The following week I felt much less confident and the crying seemed to last longer. It intensified along with my feelings of concern and helplessness.
It was getting to the point where I was on the verge of panic when this sweet little bundle – she’s all smiles and laughs in between the tears – arrived in the morning.
Then I finally realised our negativity was feeding off each other. She would cry and I would get stressed and anxious. She would feel this and cry more. I would get even more stressed. It was a vicious circle that was stressful and exhausting for us both.
By the time I had this light bulb moment, my mind and body were used to going straight into panic mode on hearing that angry little cry. It was a thought habit. I was sort of programmed to panic the minute her sweet little face started to contort into an expression of rage.
FINDING MY INNER CALM
I knew I had to find my inner calm, for both our sakes, not to mention Hubby and her three-year-old sister who also spends the day with me.
So it was afternoon and the cry had just started. I looked the Goddess in the eye and told her I understood what was going on and I wasn’t going to let it panic me. As I held her in my arms. I took a few deep breaths and then concentrated on a ball of light I imagined sitting inside me – near my heart.
This ball of light represented calm and I turned it into pictures, like the sunset over the ocean, to increase the feeling of calm. I was so busy with the visualisations it took me a moment to realise the crying had stopped – even before it was in full swing.
I had found my inner calm and it worked – the little granddaughter was looking up at me smiling as if to say; “well done Grandy, you’ve got it now”.
After that, it was all smiles, tickles and laughter with not a speck of panic in sight.
It occurred to me I didn’t need a dark, quiet room and a certain amount of time to achieve the calm that meditation gives. I had done this holding a screaming baby while The Wiggles were singing (for the three-year-old) in broad daylight in a matter of moments. It was very empowering.
I realised I could use this new found talent in any situation I found stressful because I had tapped into hidden reserves of calm that were sitting inside me all along.
The next chance I had to test this was when working on our desktop computer. Can anything make you more stressed than a computer that is vital for work but persistently breaks down? It seems every time I touch this computer there is some major issue and often just walking into the office makes me feel stressed – another thought habit I guess.
Anyway, the usual glitches presented themselves and instead of allowing this to destroy my mood I walked away from the computer and used my visualisation technique to feel the calm once again. I pictured that bright light, had fun turning it into calming pictures and, as it grew it gave me a warm, comforting feeling and I was once again tapping into my inner reserves of calm.

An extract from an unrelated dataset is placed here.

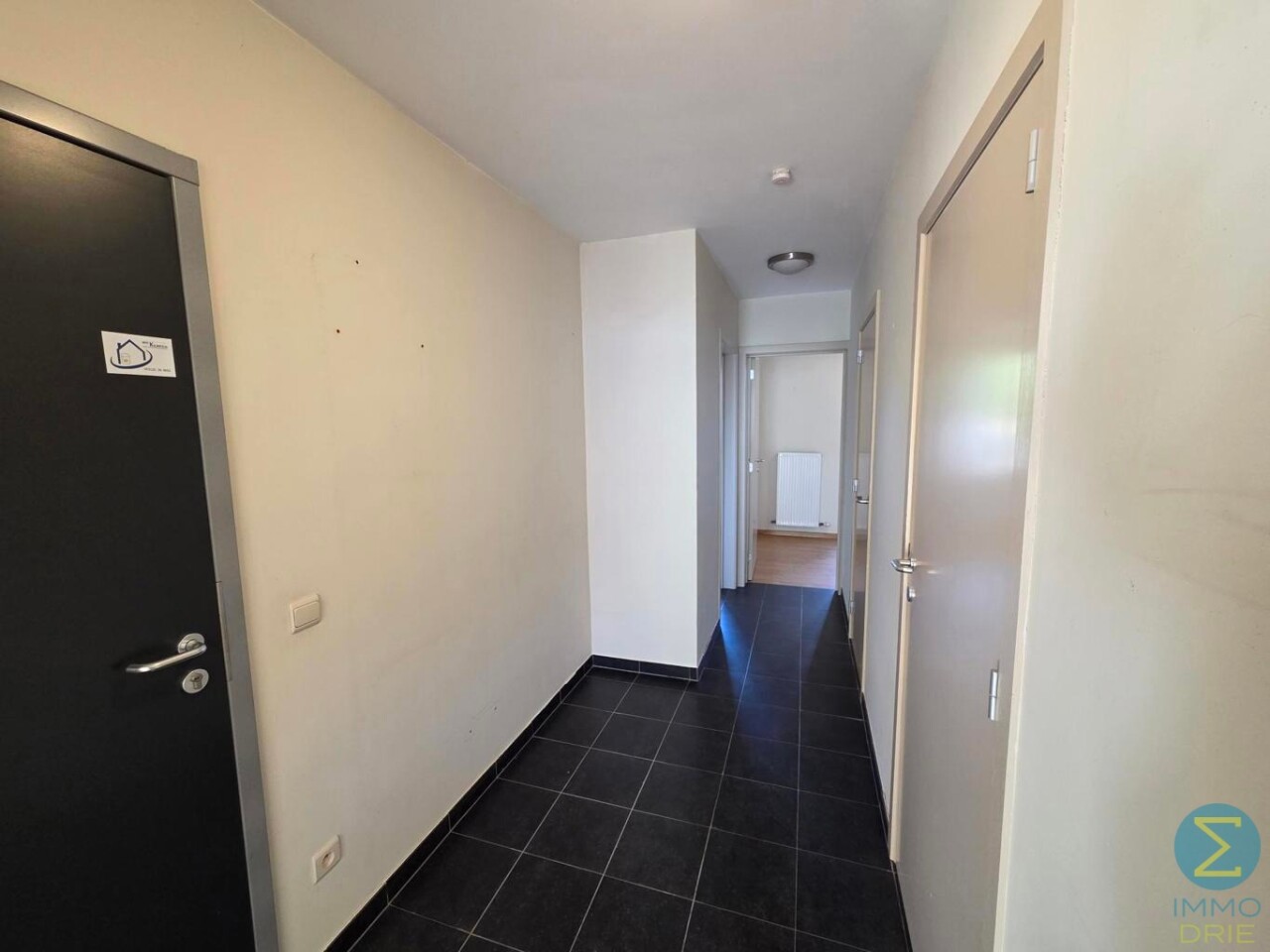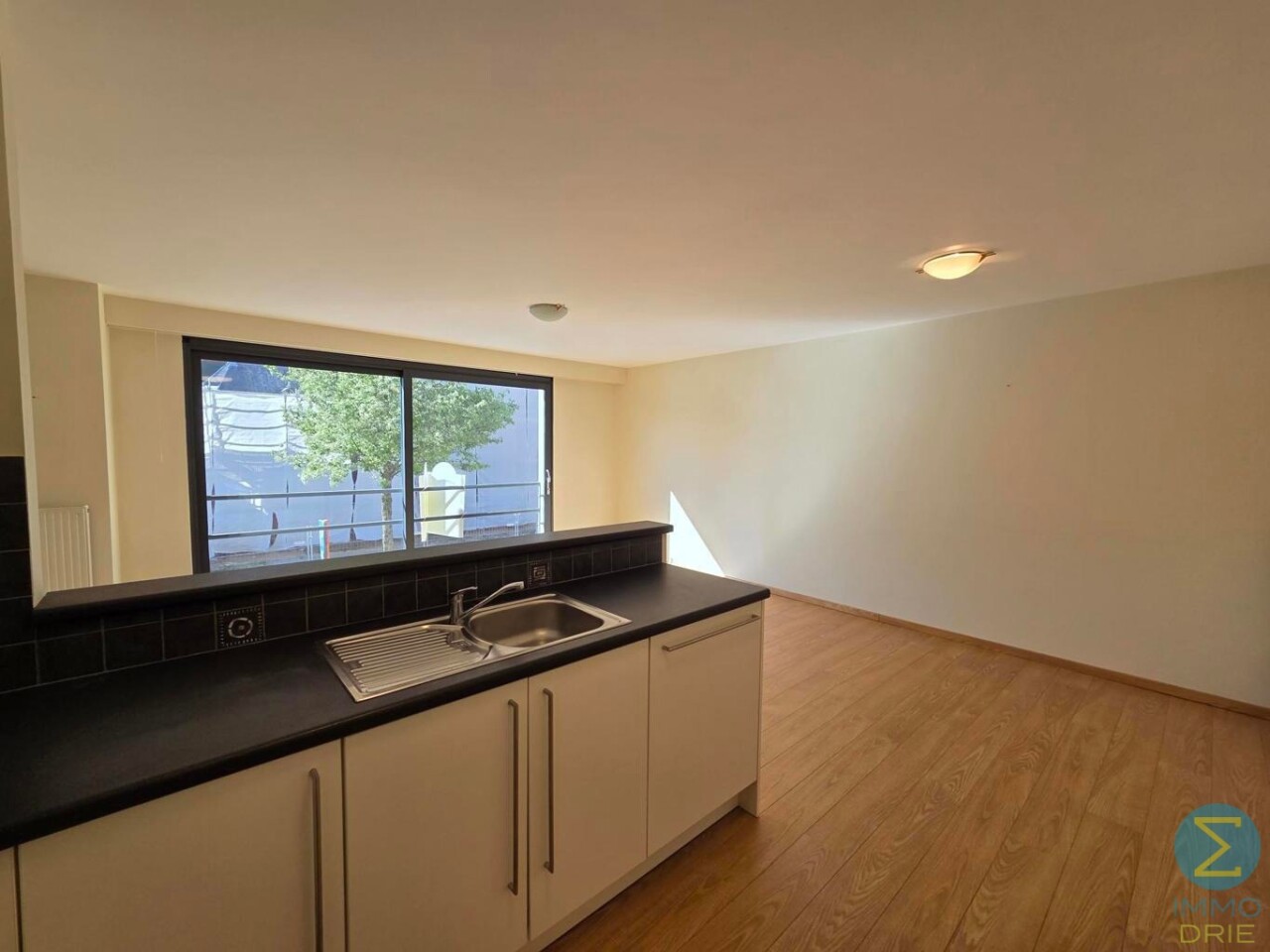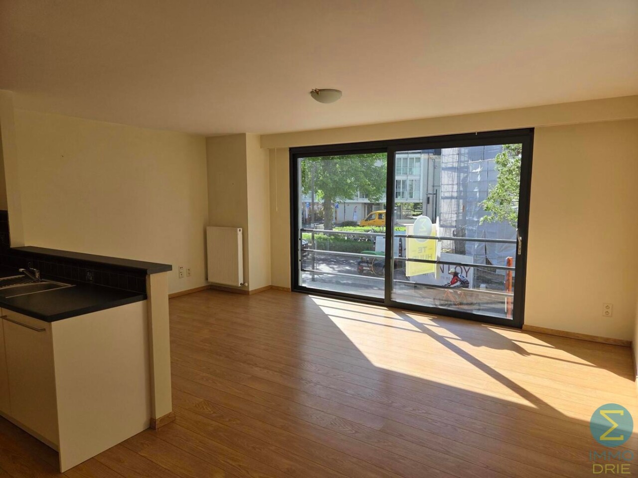 Bij het betreden van het appartement komen we in de centrale inkomhal, die alle woonvertrekken op een praktische manier met elkaar verbindt. Vanuit deze hal stappen we binnen in de lichtrijke leefruimte, waar de grote raampartijen meteen in het oog springen. Ze zorgen niet alleen voor natuurlijk licht, maar bieden ook een prachtig, open zicht op het plein en de kerk, wat deze woonruimte een bijzonder aangenaam karakter geeft.

I was tested yet again shortly afterwards when this site broke down. Bloggers will understand the term ‘white screen of death’ – sounds scary doesn’t it? It’s when no one, including you, can access your blog.
While something like this would normally send me into a panic, I knew I couldn’t afford this as I was having a playdate with two of the Goddesses.
With that thought, the beautiful little face of my baby Goddess – the one where she seems to be saying ‘well done Grandy’ came to mind and I immediately felt calm – a new thought habit.
There are sure to be more stressful situations to challenge me and maybe times when I let fear and panic take control before I remember my inner reserves. But for now, I am grateful to the baby who, without saying a word, helped me find my calm.
All the same, if you tell me to ‘chill out’ I may have to hit you. 🙂
Wishing you serenity and a gleeful week, Tamuria.